Sunday, May 13, 2012

The Heart of the Matter: Week 5

How do we get to the heart of our story this week?

Well, it depends which heart you're talking about.  If you're looking to find the beat of your belief, look at yesterday's post.  For those of you who attended this week's class, you can refer to questions 1-3 of your handout/worksheet (1.  What are two things you'd like to have written on your tombstone? (also in yeasterday's post); 2.  What are two things you'd like people to say about you?; 3.  What underlying belief do these answers reveal?).

If you're looking for the heart of what you want to write in your essay, then move forward to the next question:
  • How do you see this belief exemplified in your everyday life?
Sometimes, this is really, really hard.  Yes, I know I'm being redundant, but I'm doing so to let you know that it's hard not in the herculean sense that it is a single overwhelming task, it is more onerous.  It will take time and effort to slog through your memories of your day to find the habitual actions of small seconds that reveal the essence of your belief.

Example:

In Sarah Adams's essay, she clearly has four guiding principles: humility and forgiveness, empathy, the honoring of honest work, and equality.  And she has discovered a single repeated action with aspects that demonstrate the application of each of these four values in everyday life--actions which she very succinctly describes.
  • Take home lesson:  You can cover more than one value when you outline it clearly and illustrate it vividly.  Feel free to tell, then show.
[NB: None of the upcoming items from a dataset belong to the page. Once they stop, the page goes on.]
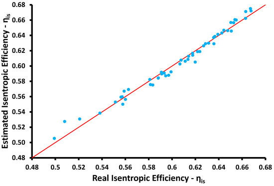 Comparison of the isentropic efficiency between the estimated value with the approximation formula.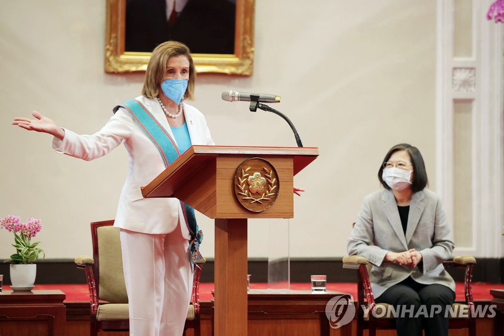 (도쿄=연합뉴스) 박성진 특파원 = 낸시 펠로시 미국 하원의장은 중국이 '대만 포위' 군사훈련을 벌인 데 대해 "아마 중국은 우리의 (대만) 방문을 핑계로 삼고 있다"고 비난했다.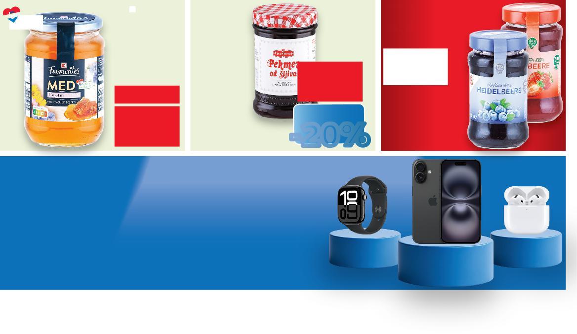 *Sve navedene cijene izražene su u eurima s PDV-om. Ne odgovaramo za tiskarske pogreške. Fotografije proizvoda ne moraju 100% odgovarati dotičnim proizvodima. Proizvode iz aktualne ponude možete kupiti samo u količinama predviđenim za kućanstvo. **Proizvodi označeni kao kratkotrajna ponuda na raspolaganju su do zadanog datuma, odnosno do prodaje zaliha. MPC=maloprodajna cijena u smislu čl. 4. st. 1. t. 11. Zakona o zaštiti potrošača (NN 19/22, 59/23)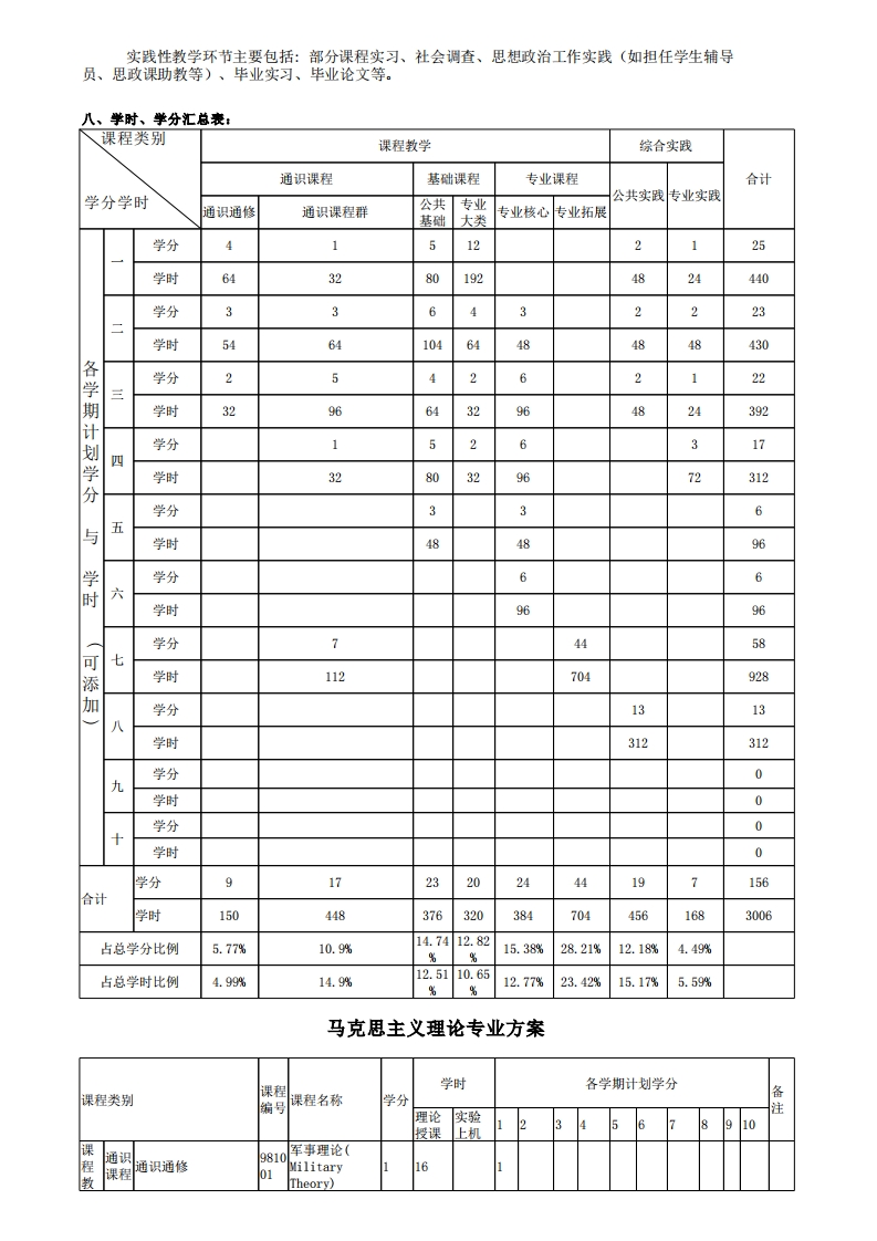马克思主义理论专业方案Training Program of(专业代码:3902)一、培养目标本专业以“厚基础、宽口径、高素质、强能力”为原则,培养从整体上系统掌握马克思主义基本原理、历史演进、当代发展,具有马克思主义信仰和社会主义信念,德智体美劳全面发展,在马克思主义理论以及思想政治教育理论方面基础扎实、政治坚定、品德高尚、知识面宽、综合素质高,具有创新精神和实践能力的复合型高级专门人才,毕业生既能在学校和科研机构从事本专业的教学、研究工作,又能在党政机关和企事业单位以本专业为基础的宣传、组织、管理、思想政治工作的人才。二、基本要求本专业主要学习马克思列宁主义、毛泽东思想和中国特色社会主义理论体系,学习思想政治教育专业的基本理论和基本知识,受到思想政治教育专业技能与方法的基本训练,掌握从事思想政治工作的基本能力和科学研究能力。本专业毕业生应获得以下几个方面的知识和能力:1.具有在马克思主义理论领域从事料学研究,理论宣传所需要的基础知识。2.掌握马克思主义理论类相关的基础理论,具有基本的经典理论,理论探讨能力,具有系统的与马克思主义理论类专业相关的社会实践经历,了解马克思主义理论在当今时代社会生活方方面面所面临的问题,了解其未来的趋势。3.草握基本的创新方法,初步具备社会调查数据分析的能力,在社会实践过程中能够综合考虑,政治,经济,文化,社会等多方面制约因素,形成科学判断的基本能力。4.草握文献检索,资料查询及运用现代信息技术获取相关信总的基本方法,具备社会科学论文写作基本能力。三、主干学科马克思主义理论、政治学、教有学、伦理学、马克思主义哲学、思想政治教有学。四、主要课程马克思主义经典著作导读、马克思主义发展史、思想政治教有学原理、思想政治教育方法论、马克思主义基本原理,习近平新时代中国特色主义思想专题等。五、学制、修业年限及授子学位专业学制4年,弹性修业年限3~6年,符合郑州大学授予学士学位规定,授予法学学士学位。六、毕业学分要求本专业须修满培养方案中规定课程157学分(其中通识课23学分,基础课39学分,专业核心课21学分,专业拓展课3学分),必修课程全部合格,英语水平达到学校要求,方准毕业。七、主要实践性教学环节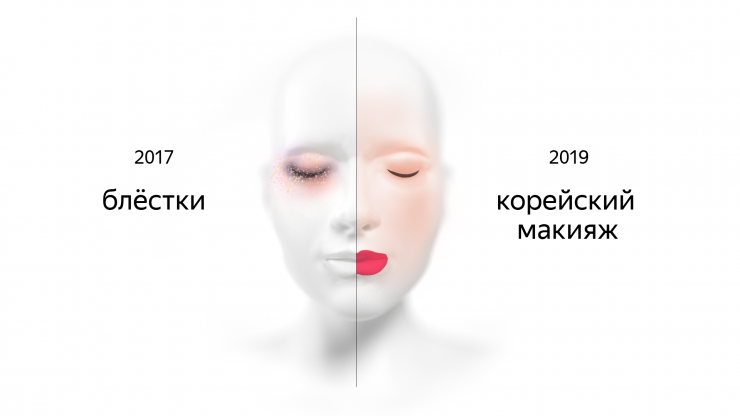 Что касается элементов макияжа, то аналитикам удалось выяснить, что в 2017 году в моду вошли блестки, в 2018-м году - нюд, а в прошлом году - корейский макияж глаз.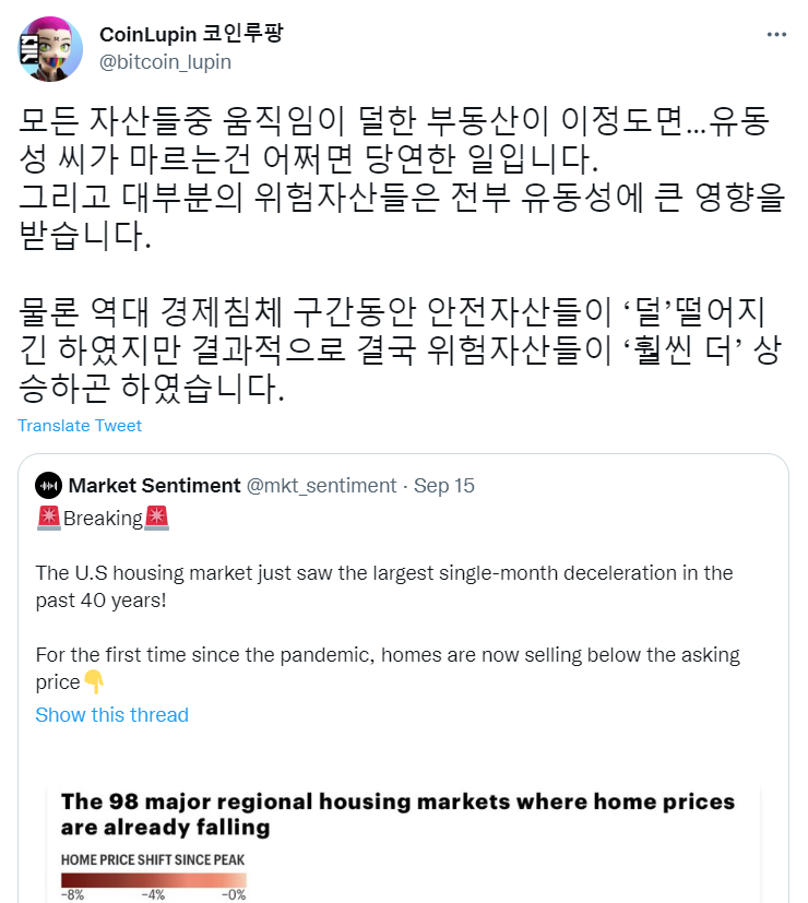 트위터와 텔레그램에서 활동하는 @bitcoin_lupin이라는 트위터 아이디를 쓰시는 코인루팡님의 경우는 거시경제의 흐름과 시장의 흐름을 통해서 포트폴리오의 shift 타이밍이 적절하게 선행되어서 관심있는 분들은 팔로우를 추천드립니다.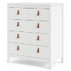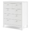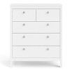 Elevate your bedroom or maximize space with the Madrid 5 Drawer Chest, showcasing a distinctive modern-traditional design perfect for bedroom storage solutions. This chest offers versatile organization with two smaller top drawers and three larger bottom drawers, providing ample space for clothing, accessories, or linens. Customize the look with included grey knobs or brown leather handles, allowing you to personalize the piece to match your decor. The durable foil surface ensures easy cleaning and maintenance, while steel brackets reinforce the larger drawers for added stability. Complete your bedroom ensemble by pairing this chest with other pieces from the Madrid collection.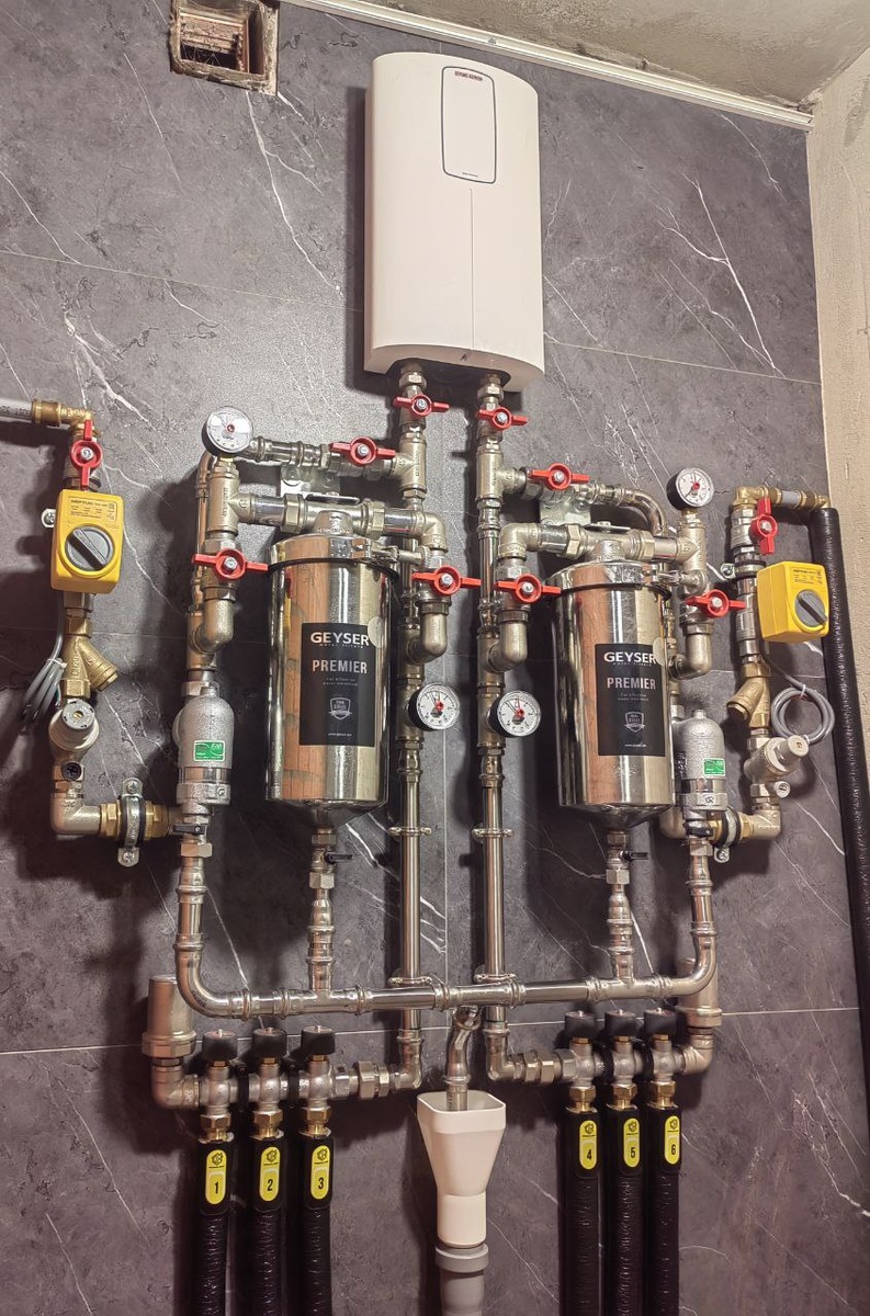 Квартирный узел водоснабжения с проточным нагревателем воды.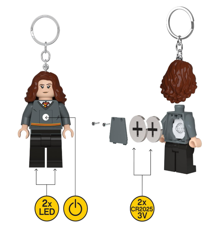 Questo portachiavi LED di LEGO® è perfetto per i fan di Harry Potter e della magia. Grazie alla sua funzione luminosa, potrai trovare le tue chiavi anche al buio. Inoltre, con la sua forma di Hermione Granger, potrai portare sempre con te il tuo personaggio preferito.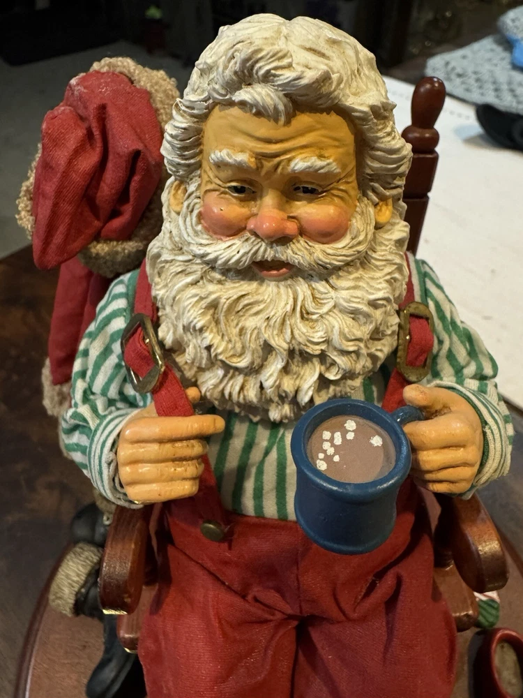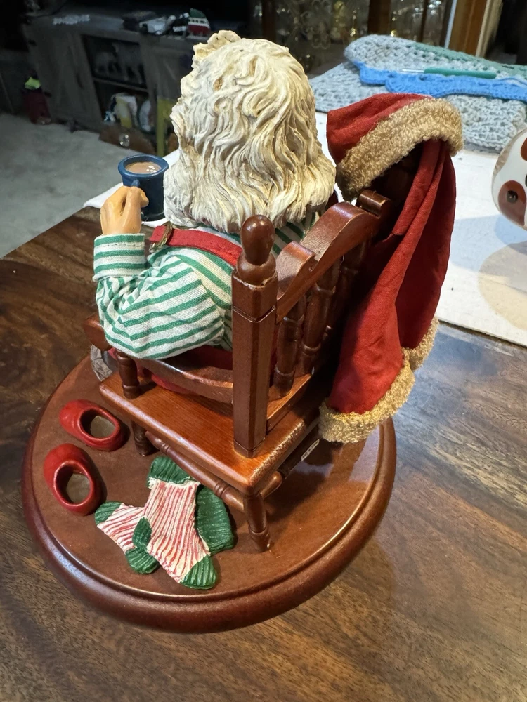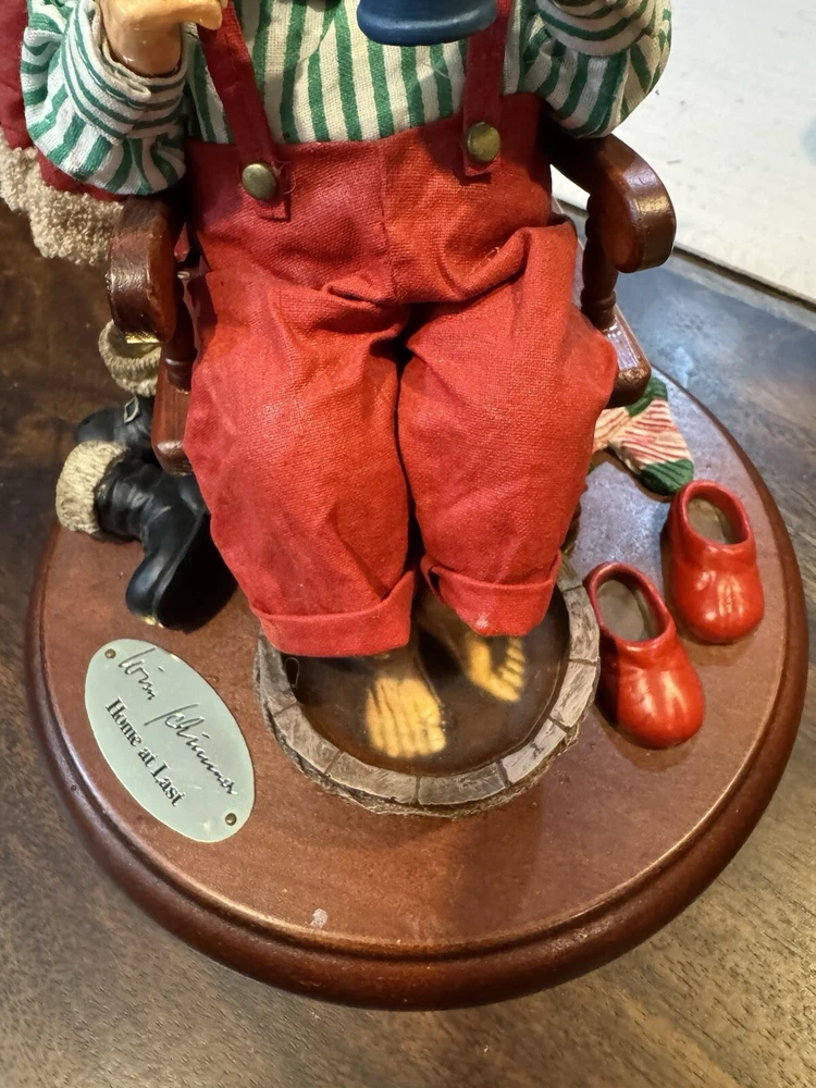 Potpourri Press Christmas Traditions Home At Last is a vintage Fabric Mache Santa depicting a festive scene. Manufactured in Taiwan in 1991, this holiday collectible features a mix of red, white, green, brown, and black colors, celebrating the Christmas occasion.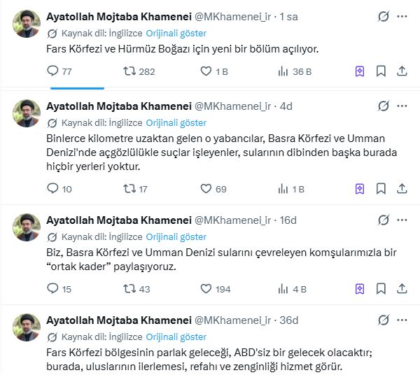 İran'ın dini lideri Mücteba Hamaney, sosyal medya platformu X üzerinden paylaşımlar yaptı. “Ulusal Körfez Günü” nedeniyle yaptığı paylaşımda Hamaney, Körfez ve Hürmüz Boğazı için yeni bir dönemin başladığını, Amerikan varlığı olmadan Körfez'in parlak bir geleceğe sahip olduğunu söyledi.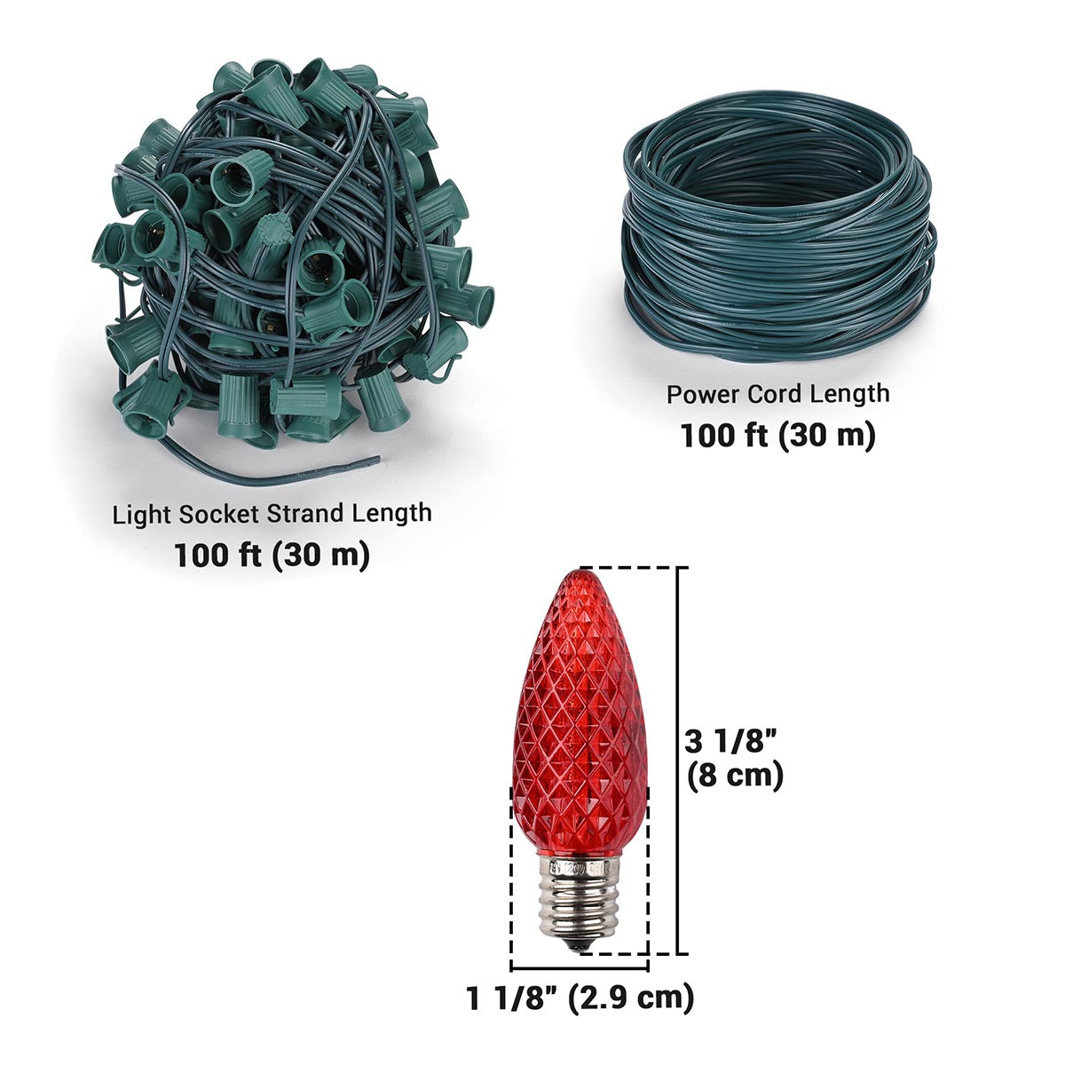 - Light Socket Strand Length: 100 ft (30 m)
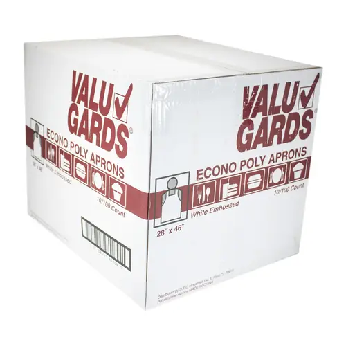 APRON ECONOMY POLY WHITE EMBOSSED LIGHT DUTY 28X46 10-100 EACH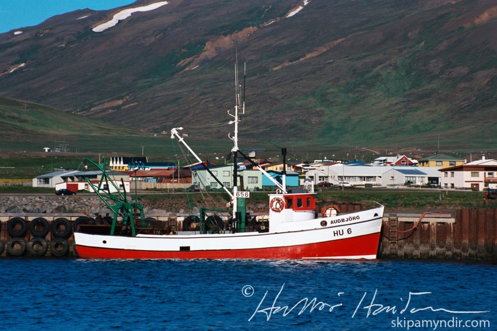 Auðbjörg HU 6 liggur hér við bryggju á Skagaströnd um árið en þaðan var báturinn gerður út um áratuga skeið.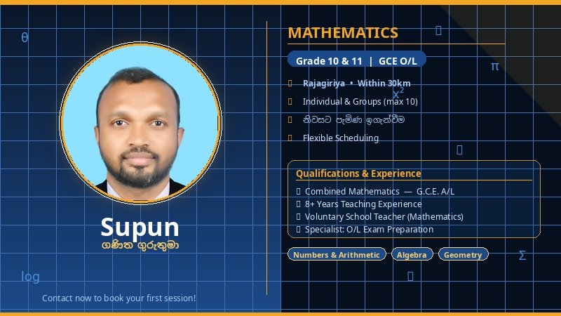 10 හා 11 ශ්රේණි (O/L) ගණිතය ඉගැන්වීම සඳහා කැපවූ ටියුෂන් ගුරුවරයෙකි. උසස් පෙළ සඳහා Combined Mathematics අධ්යයනය කර ඇති බැවින් ගණිත සංකල්ප සරලව පැහැදිලි කිරීමට හැකියාව ඇත. මීට පෙර පාසලක ස්වේච්ඡා ගුරුවරයෙකු ලෙස ගණිතය ඉගැන්වූ අත්දැකීම මට ඇත. Past papers, model questions සහ exam techniques භාවිතා කරමින් සිසුන්ගේ ලකුණු මට්ටම වැඩි කර ගැනීමට විශේෂ අවධානය යොමු කරමි. Individual හෝ කුඩා කණ්ඩායම් (සිසුන් 10 දක්වා) සඳහා පන්ති පැවැත්විය හැක. Rajagiriya, Battaramulla, Nugegoda, Kotte සහ අවට ප්රදේශ සඳහා නිවසට පැමිණ ඉගැන්වීම සිදු කරමි. විස්තර සඳහා අදම සම්බන්ධ වන්න. 071-1554382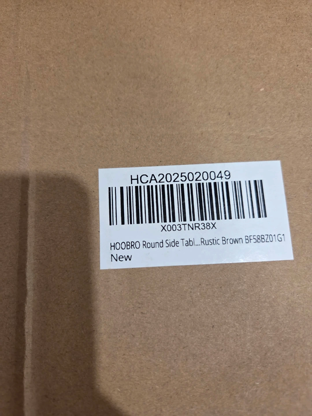 This is a Hoobro round side table. It comes in a rustic brown finish. It's a great addition to any living space.

In James Michener's essay, he states, "I believe that all men are brothers."  He then follows it with case after case after case.  Each case becomes more intricately described until he zooms back to his home. 
  • Take home lesson:  Once you have found your belief and an action or series of repeated actions that demonstrates that belief, get closer and closer to it before you zoom out and reiterate your belief.
In Tim Wilson's essay, he states his belief then gives us negatives, the actions surrounding the words are alluded to but left as suspense.
  • Take home lesson:  Sometimes the example or belief is the opposite--and that can be okay.
Deirdre Sullivan also uses a single example to convey more than one ideal.  But instead of going straight into her beliefs in her essay, she begins with a dramatization of the first funeral she went to alone before really going into what her father meant by it.  By the time she gets to what her father meant, we are sold on examples, entertained, and willing to follow her through more examples.
  • Take home lesson:  Even in an essay, dramatizations can draw the reader in and keep their attention.